Dataset records
————

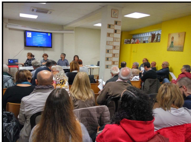
Festers assistents a l'Assemblea General Ordinària

El 30 d'octubre, al local social, es va celebrar l'Assemblea Anual Ordinària de l'Associació. Es van aprovar l'acta de l'assemblea anterior, la memòria-balanç i l'estat de comptes de l'any fester 2018-2019, així com també, sense cap esmena, el pressupost i el programa d'activitats pel curs 2019-2020
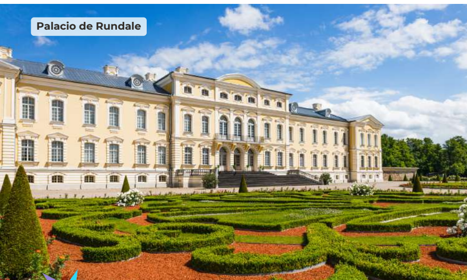
Palacio de Rundale
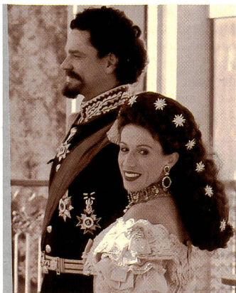
Sepia verleiht dem Bild einen nostalgischen Touch ...

Avalon Computer AG, 8305 Dietlikon, Tel. 01 888 28 38, Fax 01 888 28 39

————

Set down every record exactly, without the pictures.

_Written response_
Festers assistents a l'Assemblea General Ordinària

El 30 d'octubre, al local social, es va celebrar l'Assemblea Anual Ordinària de l'Associació. Es van aprovar l'acta de l'assemblea anterior, la memòria-balanç i l'estat de comptes de l'any fester 2018-2019, així com també, sense cap esmena, el pressupost i el programa d'activitats pel curs 2019-2020
Palacio de Rundale
Sepia verleiht dem Bild einen nostalgischen Touch ...

Avalon Computer AG, 8305 Dietlikon, Tel. 01 888 28 38, Fax 01 888 28 39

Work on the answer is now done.